Oh that Thou wouldst hide me in Sheol,
That Thou wouldst keep me secret until Thy wrath be past,
That Thou wouldst appoint a set time, and remember me!
If a (strong) man die, shall he live?
All the days of my appointed time would I wait
Till my release came.
Thou wouldst call, I would answer Thee;
Thou wouldst have a desire to the work of Thy hands.
Not easily can we now realise the extraordinary step forward made in thought when the anticipation was thrown out of spiritual life going on beyond death (“would I wait”), retaining intellectual potency in that region otherwise dark and void to the human imagination (“I would answer Thee”). From both the human side and the Divine the poet has advanced a magnificent intuition, a springing arch into which he is unable to fit the keystone-the spiritual body; for He only could do this who long afterwards came to be Himself the Resurrection and the Life. But when this poem of Job had been given to the world a new thought was implanted in the soul of the race, a new hope that should fight against the darkness of Sheol till that morning when the sunrise fell upon an empty sepulchre, and one standing in the light asked of sorrowful men, Why seek ye the living among the dead?

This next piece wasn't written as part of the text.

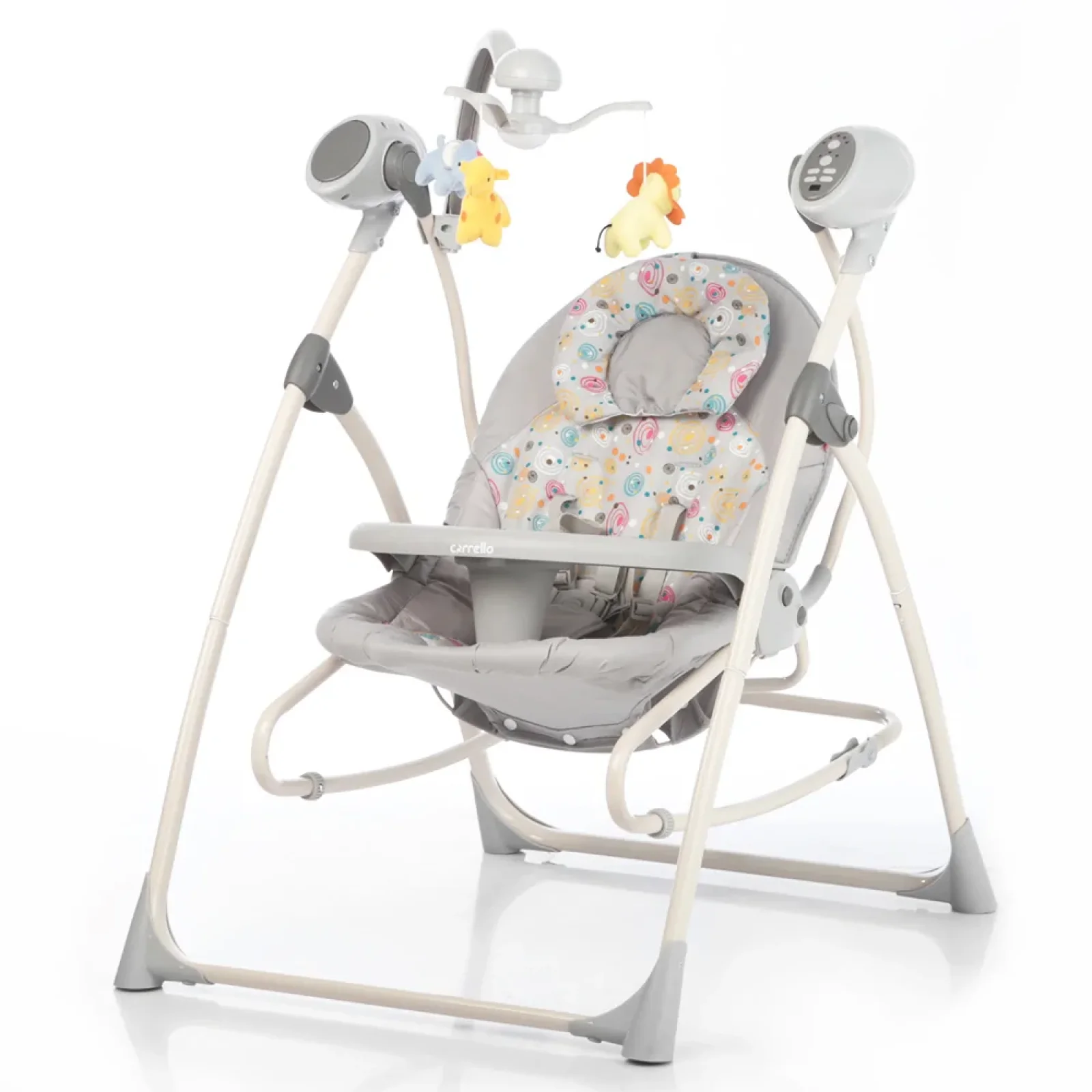 Колиска-гойдалка CARRELLO Nanny відмінно підійде для новонародженого малюка. М'який додатковий підголівник забезпечить комфорт для дитини, а п'ятиточкові ремені подбають про його безпеку. Так само це крісло має набір розваг: обертовий музикальний мобіль, 16 приємних мелодій і 5 звуків природи з регулюванням гучності, столик з обмежувачем. Для більш зручного користування, крісло обладнане таймером на 15, 30, 60 хвилин і пультом дистанційного керування. Крісло виконане з високоякісних матеріалів. Міцна конструкція забезпечує хорошу стійкість, при компактних розмірах Розміри ящика - 51,5*68*13,5 см
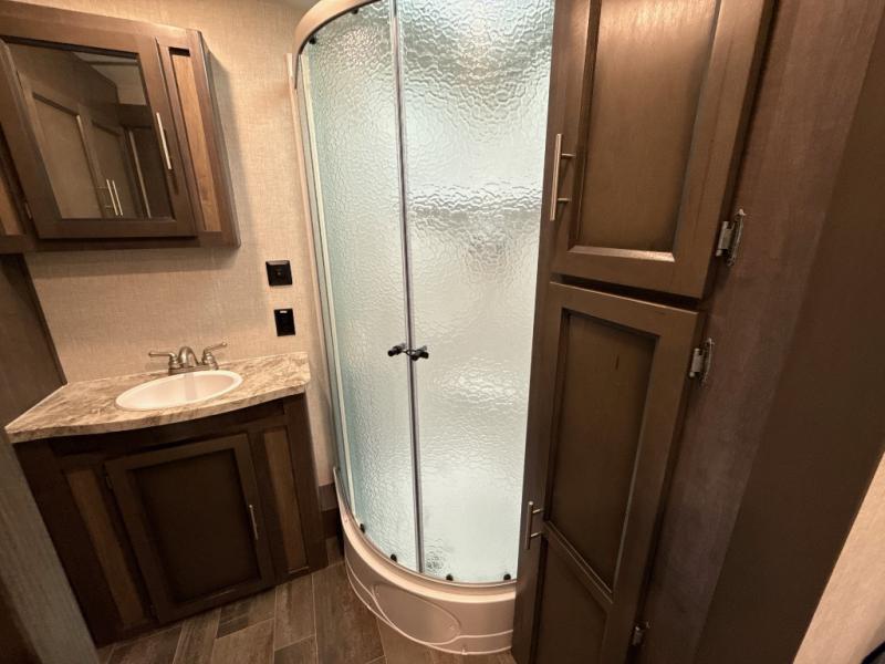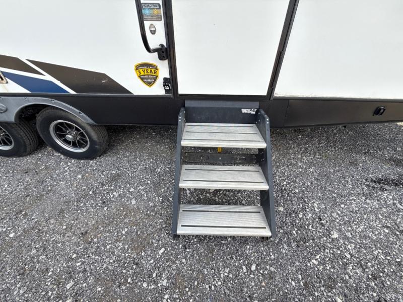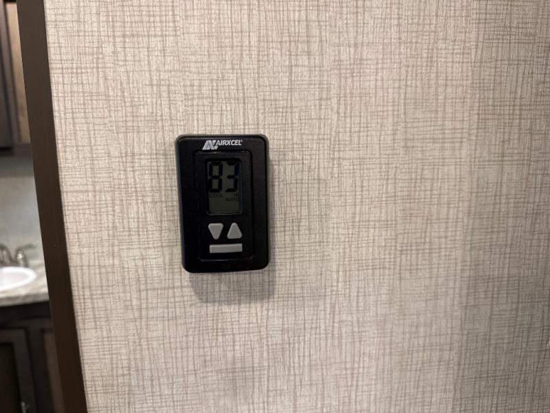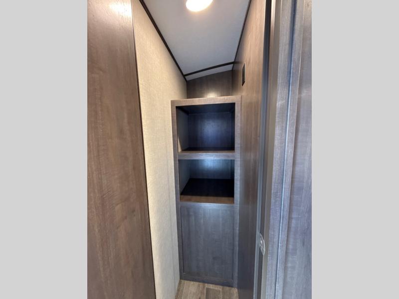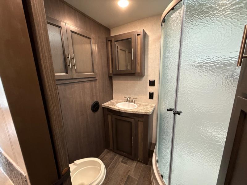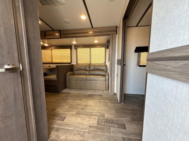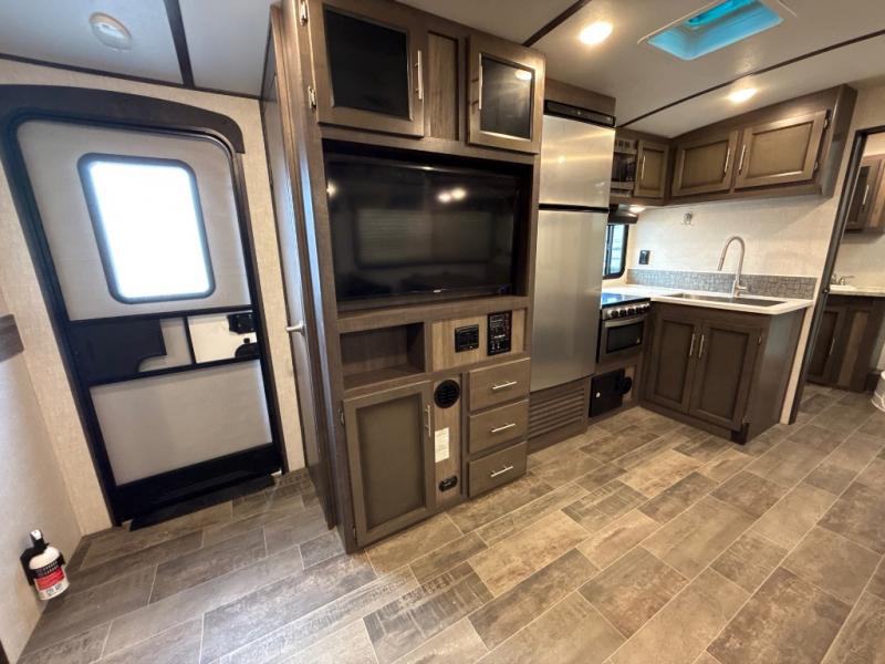 You will love the added interior space you have in this travel trailer thanks to the large slide out in the main living area. Here, you'll enjoy playing cards at the XL booth dinette and relaxing on the tri-fold sofa. Make home-cooked meals on the glass top range or use the exterior camp kitchen. There is even an exterior refrigerator for cold drinks, and the power awning will shade you from the hot summer sun. This model features a full rear bath for added privacy, and the shower skylight will allow natural light in. The front private bedroom includes a king bed, dual wardrobes, plus a shoe storage and pet station for your convenience!

“Thou wouldst have a desire to the work of Thy hands.” What a philosophy of Divine care underlies the words! They come with a force Job seems hardly to realise. Is there a High One who makes men in His own image, capable of fine achievement, and then casts them away in discontent or loathing? The voice of the poet rings in a passionate key because he rises tea thought practically new to the human mind. He has broken through barriers both of faith and doubt into the light of his hope and stands trembling on the verge of another world. “One must have had a keen perception of the profound relation between the creature and his Maker in the past to be able to give utterance to such an imaginative expectation respecting the future.”
But the wrath of God still appears to rest upon Jobs life; still He seems to keep in reserve, sealed up, unrevealed, some record of transgressions for which He has condemned His servant. From the height of hope Job falls away into an abject sense of the decay and misery to which man is brought by the continued rigour of Eloahs examination. As with shocks of earthquake mountains are broken, and waters by constant flowing wash down the soil and the plants rooted in it, so human life is wasted by the Divine severity. In the world the children whom a man loved are exalted or brought low, but he knows nothing of it. His flesh corrupts in the grave and his soul in Sheol languishes.
“Thou destroyest the hope of man.
Thou ever prevailest against him and he passeth
Thou changest his countenance and sendest him away.”
The real is at this point so grim and insistent as to shut off the ideal and confine thought again to its own range. The energy of the prophetic mind is overborne, and unintelligible fact surrounds and presses hard the struggling personality.